Start of Provided records
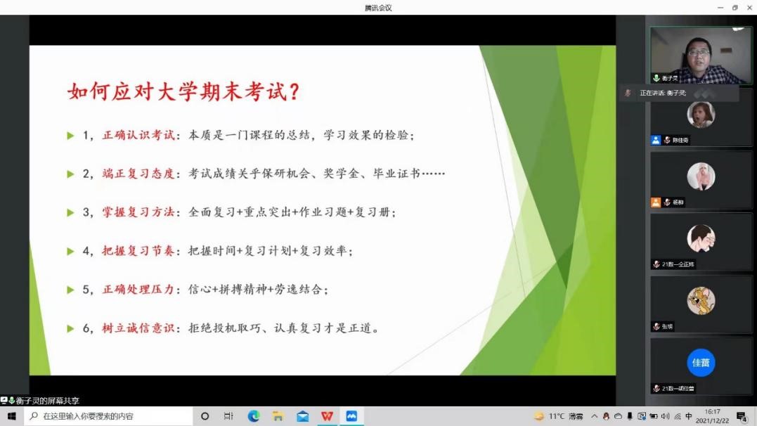 疫情期间,为帮助广大同学缓解疫情期间的学习生活压力,始终筑牢心理防线,营造良好育人氛围。12月20日至22日,AC米兰中文举办了“疫情期间大学生压力管理与情绪调节”系列线上讲座三场,本次系列讲座由中国心理学会理论心理学专委会委员、教育部陕西师范大学课程中心心理健康教育研究中心副主任段海军教授主讲,AC米兰中文全体本科生、研究生参加了三场系列讲座。同时,积极组织学生参加学校举办的“疫情下大学生宿舍人际关系建设”、“正念练习”等心理类讲座,向学生转发公益心理援助平台信息等,联系学校心理中心老师与存在心理困惑的学生一对一交流等。
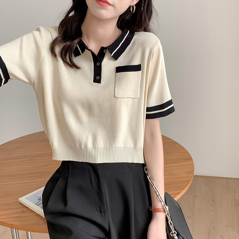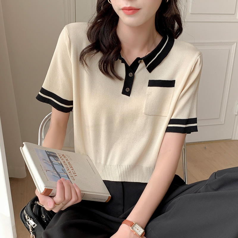 | nameOriginal | Polo collar short sleeve women's T-shirt 2023 new summer sweater short loose ins trendy top ice silk base shirt |
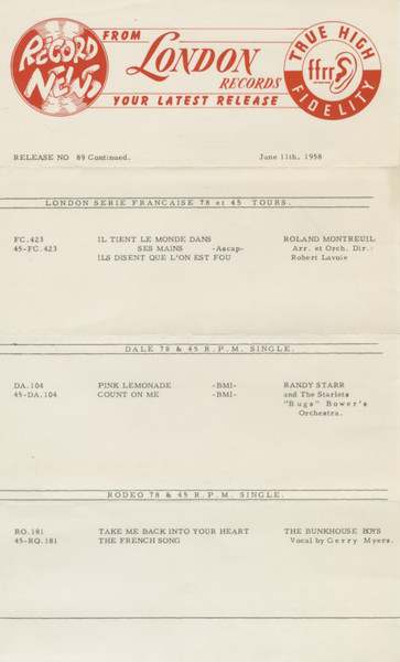 ?? 58....45-RO. 181....THE BUNKHOUSE BOYS vocal by GERRY MYERS..The French Song (Ro-369)/Take Me Back Into Your Heart (Ro-370)
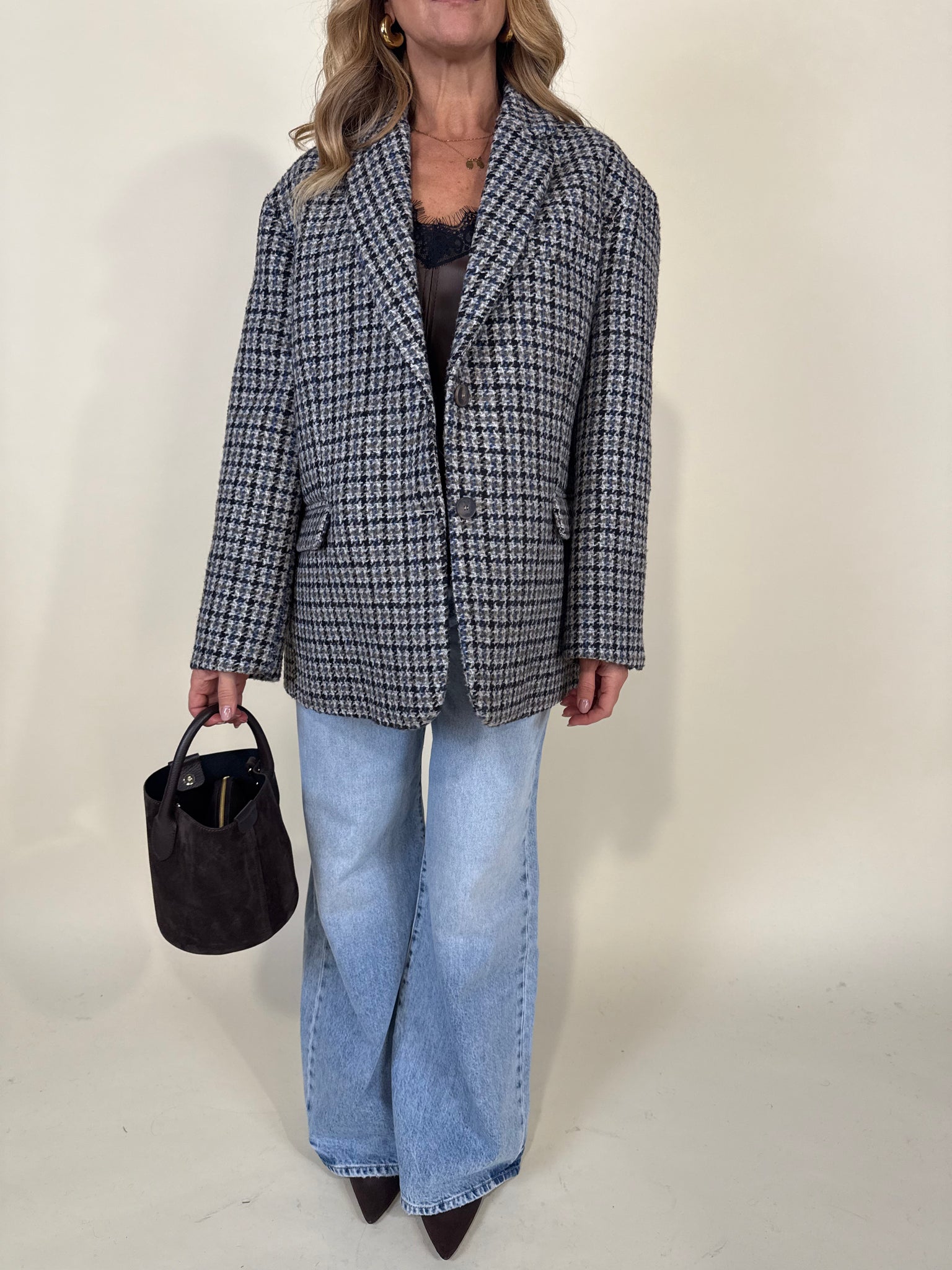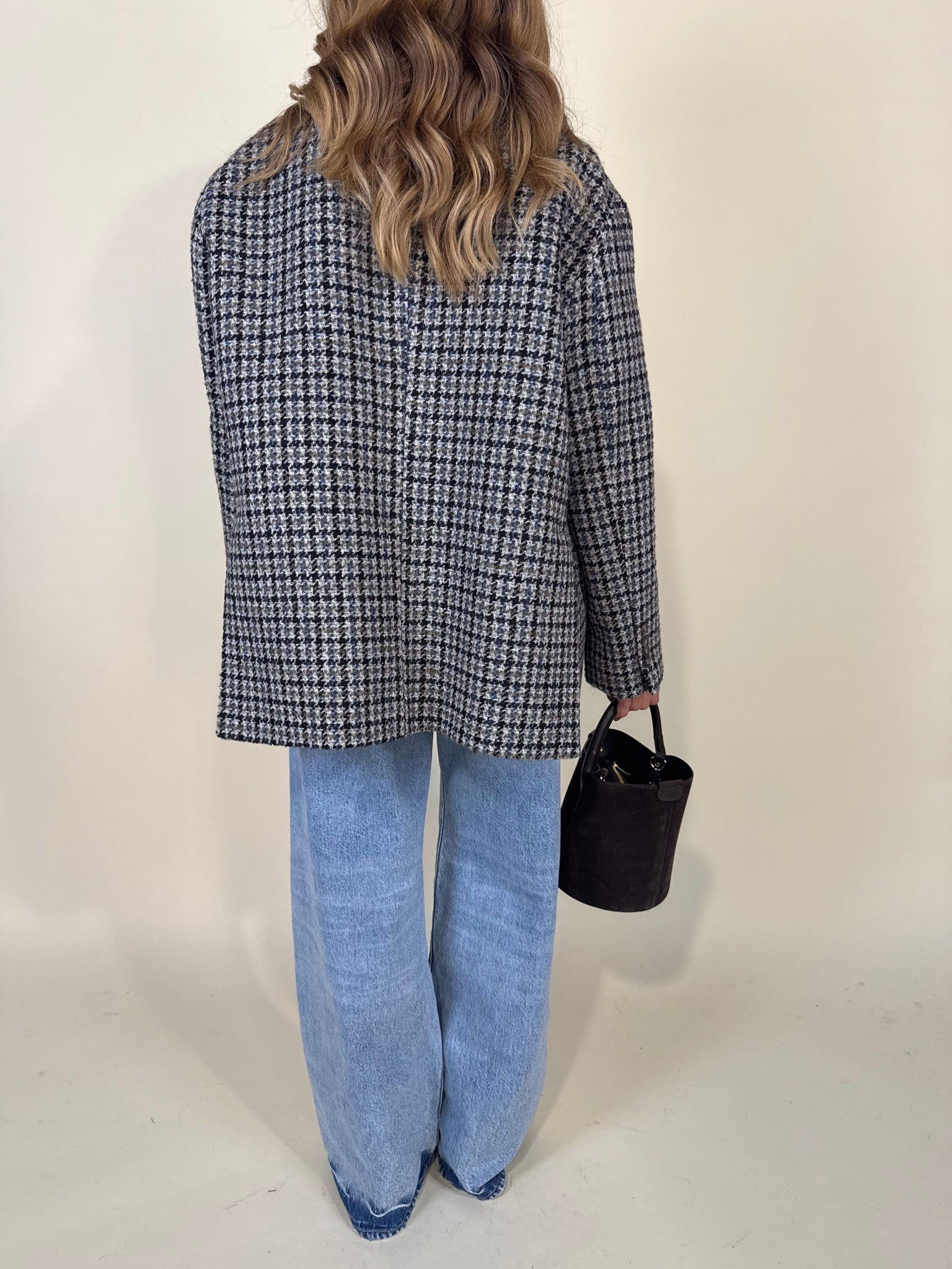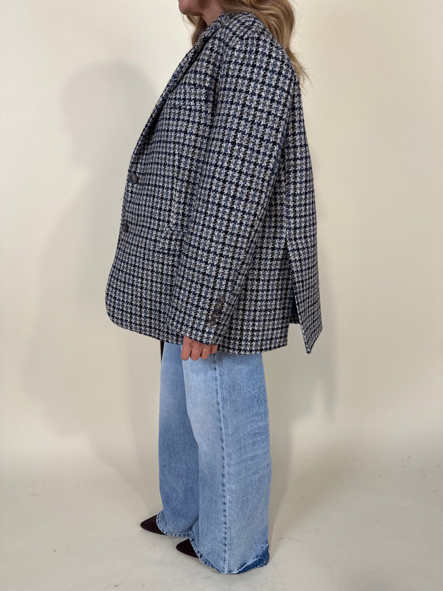 Giacca modello oversize in misto lana in trama pied de poule sui toni del moro e del panna. Modello chiusura monopetto a doppio bottone con rever e taschine taglio classico applicate frontali. Fodera interna.
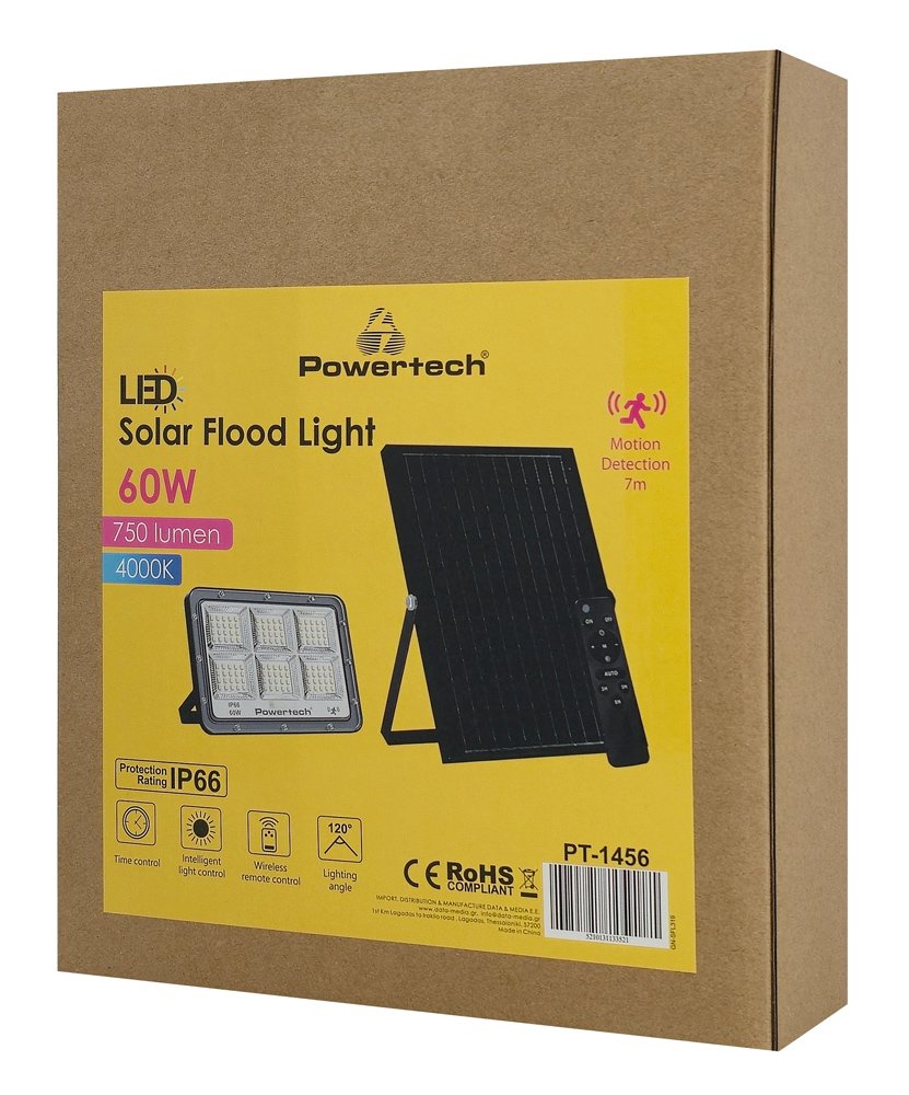 LED ηλιακός προβολέας με τηλεχειριστήριο, 60W, 4000K, 750lm, IP66
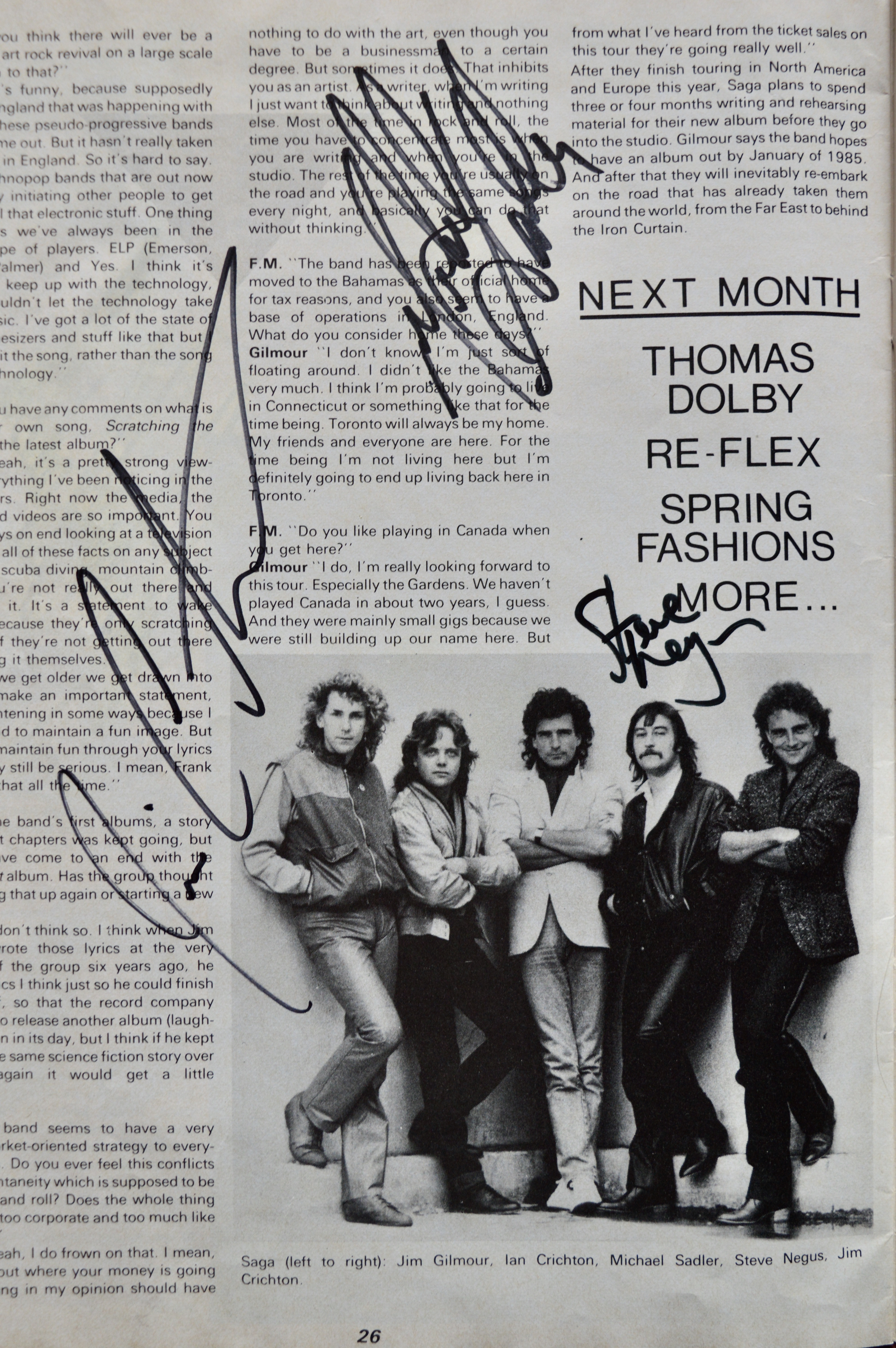 Instead I shook hands with bassist Jim Crichton, singer Michael Sadler, keyboardist Jim Gilmour, drummer Steve Negus, and guitarist Ian Crichton and had them sign every page of the article on them in that month’s free entertainment weekly. There weren’t very many people there so I ended up gushing endlessly at the band like the sixteen-year-old celebrity-struck know-it-all that I was I’m sure they were happy to see me finally walk out the door, ticketless.
End of Provided records
> [Assignment]: Write the lines out again exactly, beginning at the one containing "Giacca modello oversize" and ending with the last line of the entries, but without any pictures.

> [Task answer]:
 Giacca modello oversize in misto lana in trama pied de poule sui toni del moro e del panna. Modello chiusura monopetto a doppio bottone con rever e taschine taglio classico applicate frontali. Fodera interna.
 LED ηλιακός προβολέας με τηλεχειριστήριο, 60W, 4000K, 750lm, IP66
 Instead I shook hands with bassist Jim Crichton, singer Michael Sadler, keyboardist Jim Gilmour, drummer Steve Negus, and guitarist Ian Crichton and had them sign every page of the article on them in that month’s free entertainment weekly. There weren’t very many people there so I ended up gushing endlessly at the band like the sixteen-year-old celebrity-struck know-it-all that I was I’m sure they were happy to see me finally walk out the door, ticketless.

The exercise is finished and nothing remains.